**Work instructions**
From the first line to the last, return the data exactly, with no pictures.

**Data provided**
▬▬▬▬▬▬

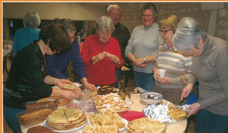
Eux et noix
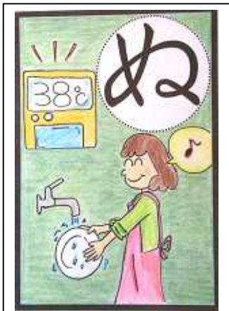
ぬるめのおゆで エネルギーを せつやくしよう
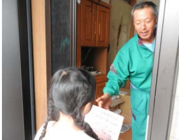
「きてくださいね!」「はーい!」

10月5日は，恒例の文化祭等のチラシ配りと草取り・清掃に加えて，うくっちゃボトルの設置に出かけました。チラシ配り班は4つの班に分かれて島へ渡り，各ご家庭にチラシをくばりました。皆さん温かく迎えてくださり，ありがたかったです。

▬▬▬▬▬▬

**Expected answer**
Eux et noix
ぬるめのおゆで エネルギーを せつやくしよう
「きてくださいね!」「はーい!」

10月5日は，恒例の文化祭等のチラシ配りと草取り・清掃に加えて，うくっちゃボトルの設置に出かけました。チラシ配り班は4つの班に分かれて島へ渡り，各ご家庭にチラシをくばりました。皆さん温かく迎えてくださり，ありがたかったです。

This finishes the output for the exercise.